The author of this book has indeed, so to speak, eluded the limitations of his own skin, and by the magic of his love for little girls has passed—carrying his grown-up cleverness with him—actually into the little girl's inmost consciousness. The book might be quite as witty as it is and quite as amusing but it would not carry for us that peculiar "perfume in the mention," that provocative enchantment, if it were not much more—Oh, so much more—than merely amusing. The thousand and one reactions, impressions, intimations, of a little girl's consciousness, are reproduced here with a faithfulness that is absolutely startling. What really makes the transformation complete is the absence in "Alice" of that half-comic sententious priggishness which, as soon as we have ceased to be children, we find so curiously irritating in Kingsley's "Water Babies."

92. JOHN GALSWORTHY. THE COUNTRY HOUSE. THE MAN OF PROPERTY. FRATERNITY.

John Galsworthy is almost alone among modern writers in the possession of a genius, which in the most exact sense of that admirable word, can only be described as the genius of a gentleman. It is a style singularly sensitive, a little vibrant perhaps sometimes, and so tense as to become attenuated, but of a most rare and wistful beauty.
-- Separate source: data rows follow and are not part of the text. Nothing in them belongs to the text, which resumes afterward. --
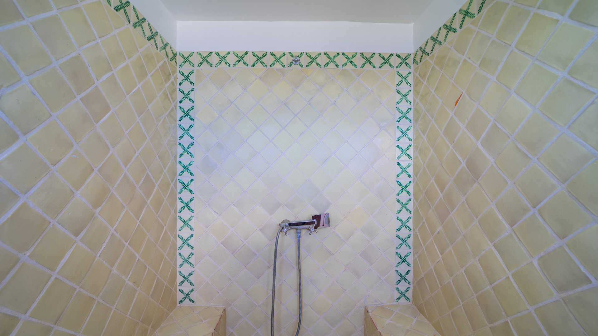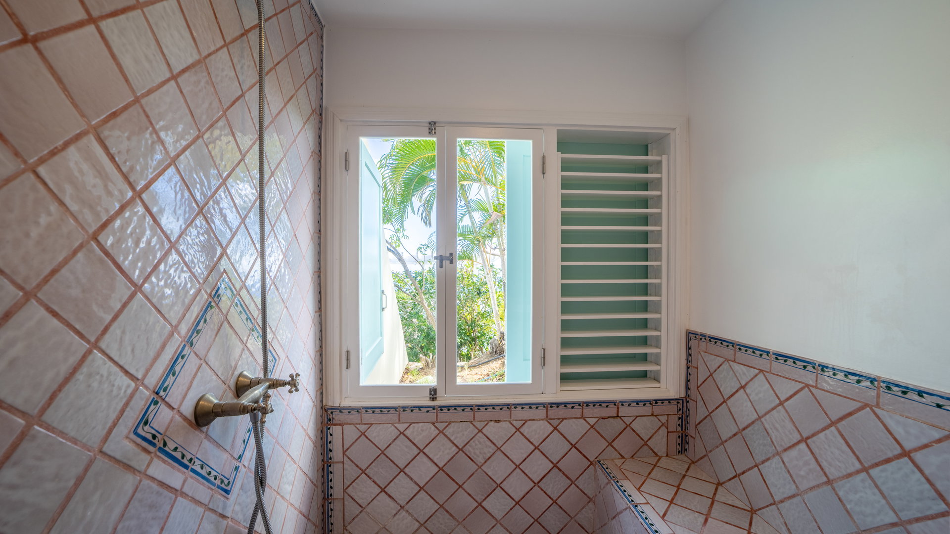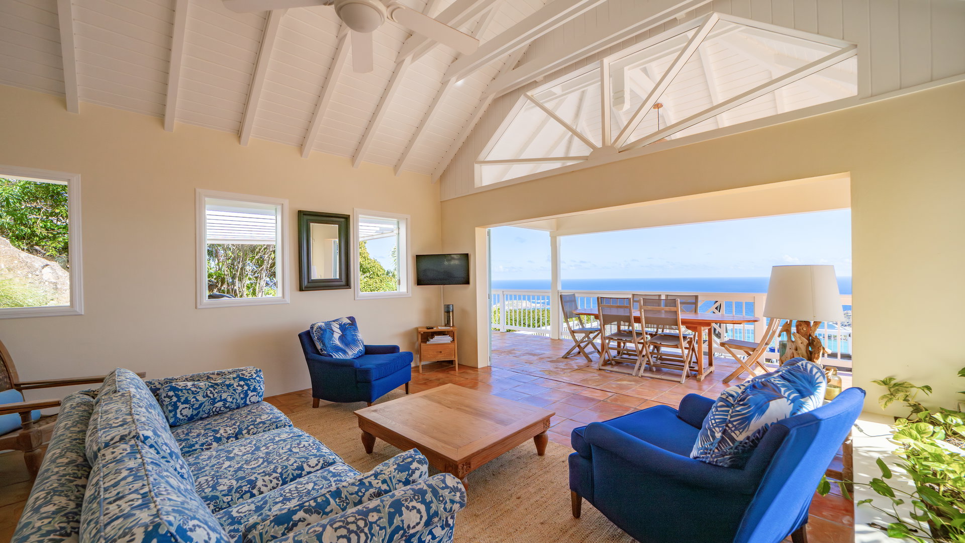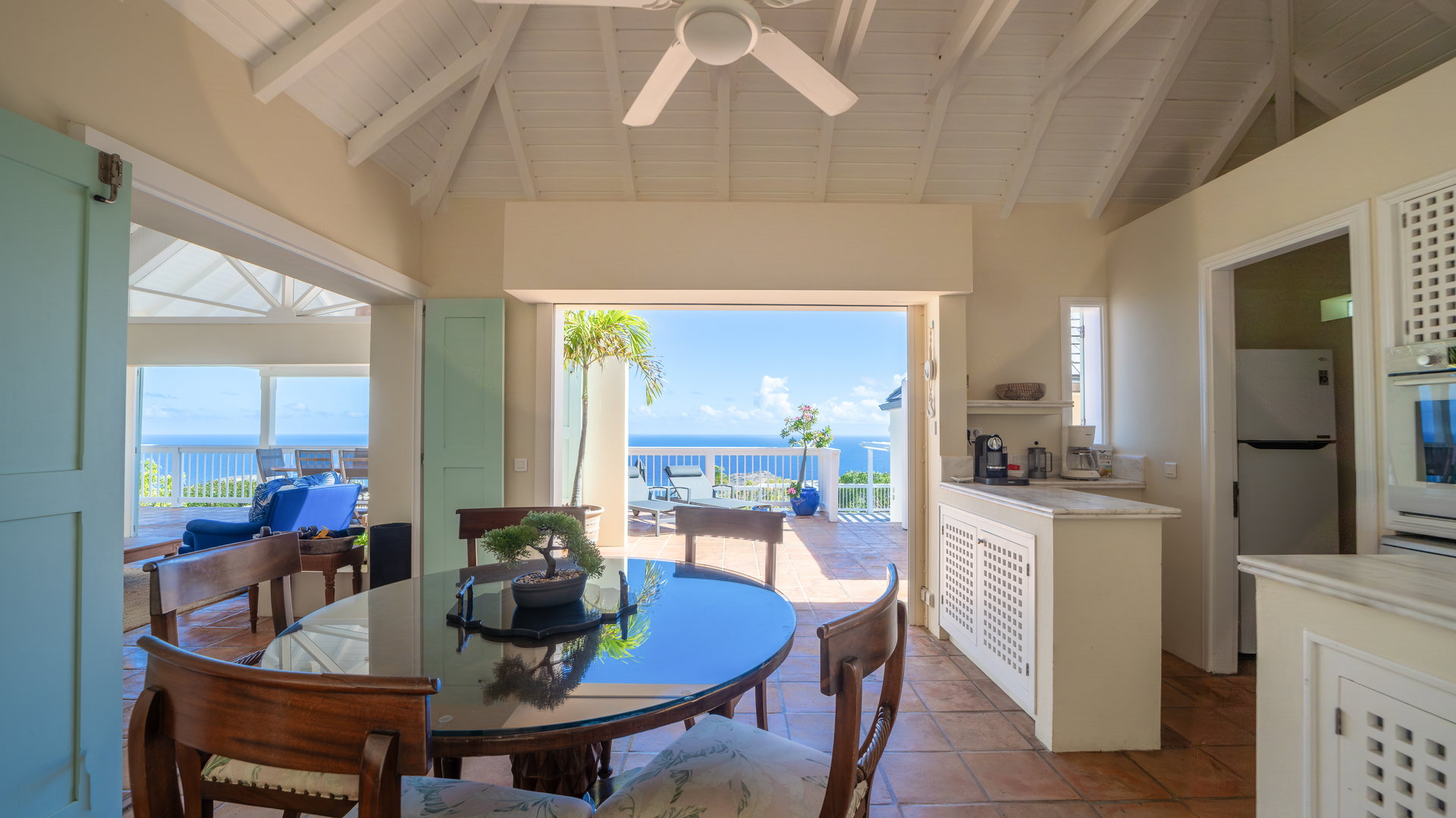 The spacious terrace is home to a shimmering pool overlooking the sea, surrounded by sun loungers perfect for reading or sunbathing. A covered pergola shelters an alfresco dining area, ideal for meals enjoyed in the island’s gentle sunlight. A second outdoor dining space, nestled in lush greenery, provides a peaceful retreat amid tropical vegetation.
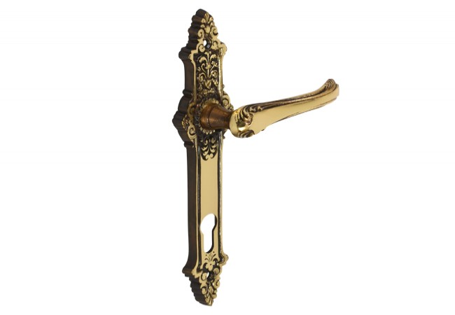Piękne i zdobne na tyle, że same w sobie mogą stanowić element wystroju wnętrza. Ich błyszczące wykończenie z pewnością będzie przykuwać wzrok przechodniów i cieszyć ich oczy. Mimo postarzanego wyglądu klamki te są wysoce ergonomiczne i usprawniają korzystanie z drzwi wewnętrznych. Ozdobne klamki na długim szyldzie nie tylko będą pasować do wnętrz kościołów i pałaców, ale także domów urządzonych i przyozdobionych w klimacie Art Deco. Mosiądz to przecież jeden z najtrwalszych i najbardziej szlachetnych surowców służących do wykonywania klamek drzwiowych. Zapewnia on nieporównywalną trwałość i odporność produktów na uszkodzenia. Zamknięcia występują w wersji WC, na wkładkę cylindryczną oraz klasyczny, gruby klucz. Dzięki specjalnym śrubom zawartym w zestawie instalacja klamki jest bezproblemowa. Podana cena obejmuje klamkę na stronę zewnętrzną i wewnętrzną drzwi.
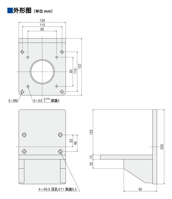 说明 可用于3轴SCARA机器人的安装底座。(THK CO., LTD.生产的传动装置SKR46A带护盖用)
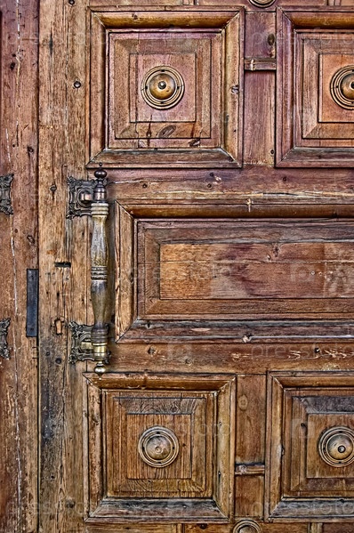 Старая двустворчатая дверь, украшенная орнаментом коричневого цвета, с бронзовой ручкой
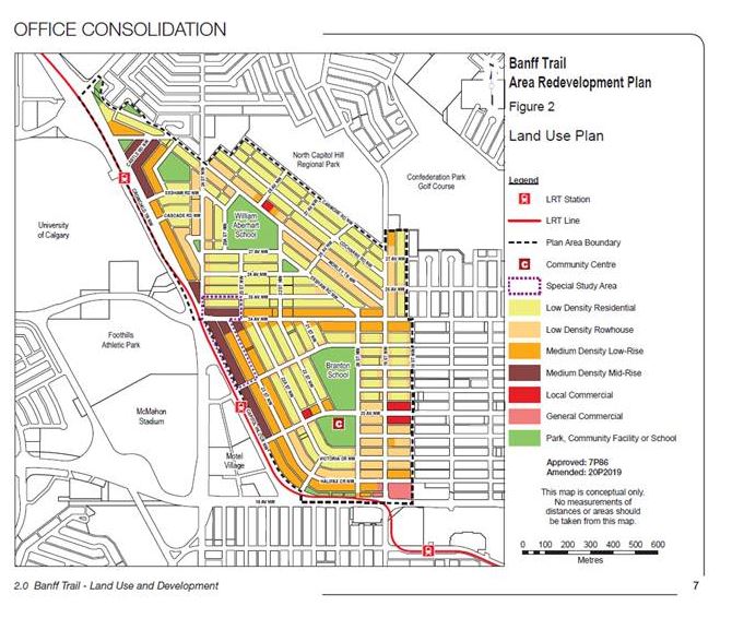 In Brentwood, most properties have R-C1 zoning, not R-C2 or R-CG. Secondly, the Banff Trail ART includes amendments that specifically allow for changes on the corner lots to permit low-density rowhouses: Brentwood, and surrounding communities such as Triwood or Dalhousie, do not. (Brentwood has a Station ARP which applies specifically to the area around the LRT Station, such as the Co-op and the malls towards Charleswood Drive.)
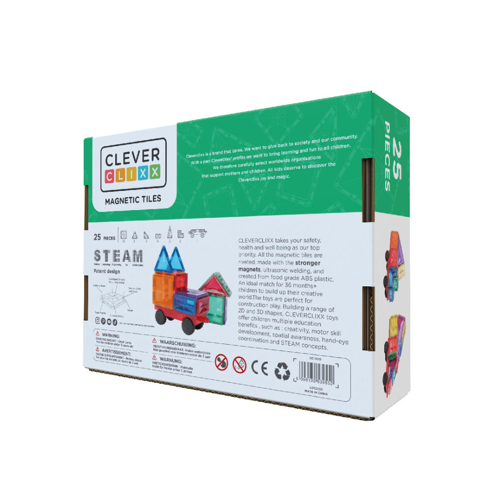 De Cleverclixx Auto-Bouwset in Felle Kleuren – 25 Delige Magnetische Bouwstenen kan eenvoudig gecombineerd worden met andere Cleverclixx-sets. Daarnaast is de set volledig compatibel met merken zoals Connetix en Magna-Tiles, zodat de speelwereld blijft groeien.
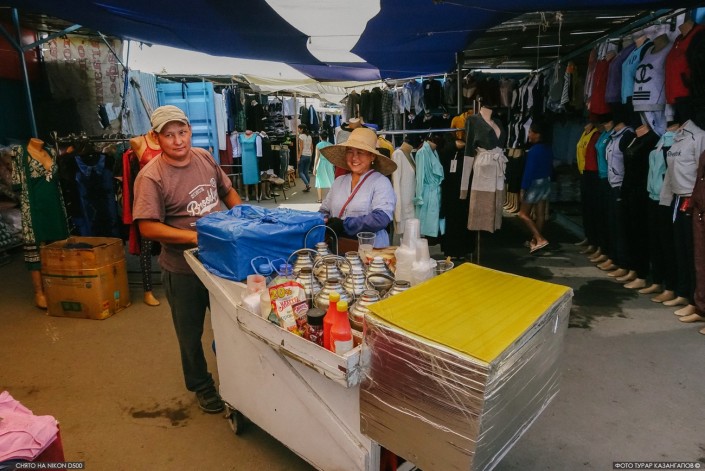Проходя между торговых рядов, мы с фотографом то и дело замечаем продавцов с пластмассовыми стаканами, полными чая с молоком. Горячие напитки и бутерброды продает здесь семейная пара из Кыргызстана.
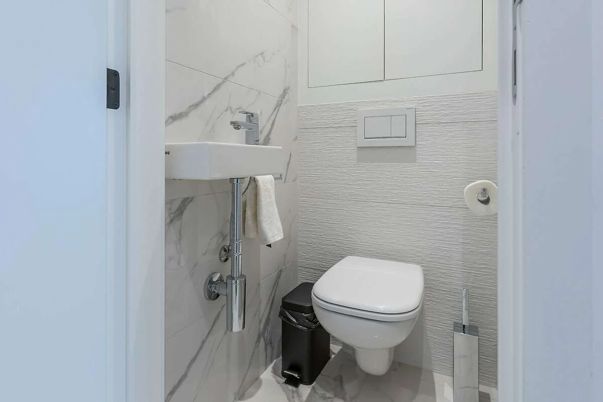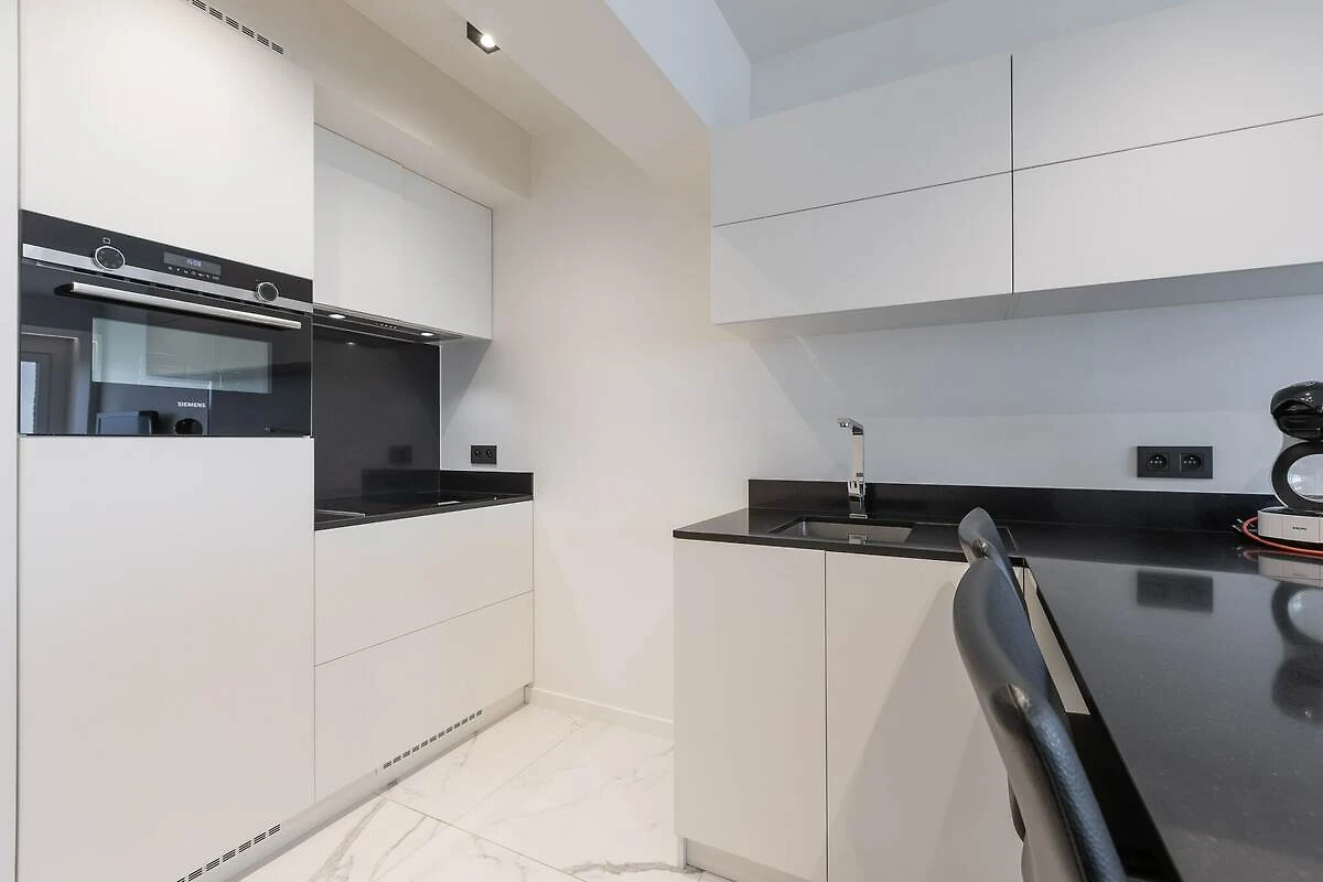Die voll ausgestattete Küche bietet mit Kaffeemaschine, Saftpresse, Backofen, Mikrowelle, Geschirrspüler und Kühl-Gefrierkombination alles, was Sie für hausgemachte Mahlzeiten benötigen. Das Schlafzimmer bietet ein geräumiges Doppelbett mit zwei Bettdecken, und das moderne Badezimmer ist mit Dusche und Haartrockner ausgestattet. Ein separates Gäste-WC sorgt für zusätzlichen Komfort, und ein Aufzug ermöglicht einen bequemen Zugang.

His humor which is his weakest point is a thing of almost feminine perceptions but quaintly pliable, as the sense of humor in women often is, to an odd strain of peevish extravagance.

The chivalrous nobility of Mr. Galsworthy's habitual mood is at once the cause of certain fragilities and betrayals in the mass and weight of his art and the cause of the indignant pity which evokes some of his finest touches.

It seems to irritate his nerves almost to frenzy to contemplate the shackles and fetters with which, whether in the domestic or social or legal world, the free spirits of men and women are bound down and imprisoned.

The touching figure of Mrs. Pendyce in the "Country House"—the tragic figure of Irene Soames Forsyte in the "Man of Property"—the pitiful figure of the little Model in "Fraternity"—have all something of the same quality.

95. W. SOMERSET MAUGHAM. OF HUMAN BONDAGE.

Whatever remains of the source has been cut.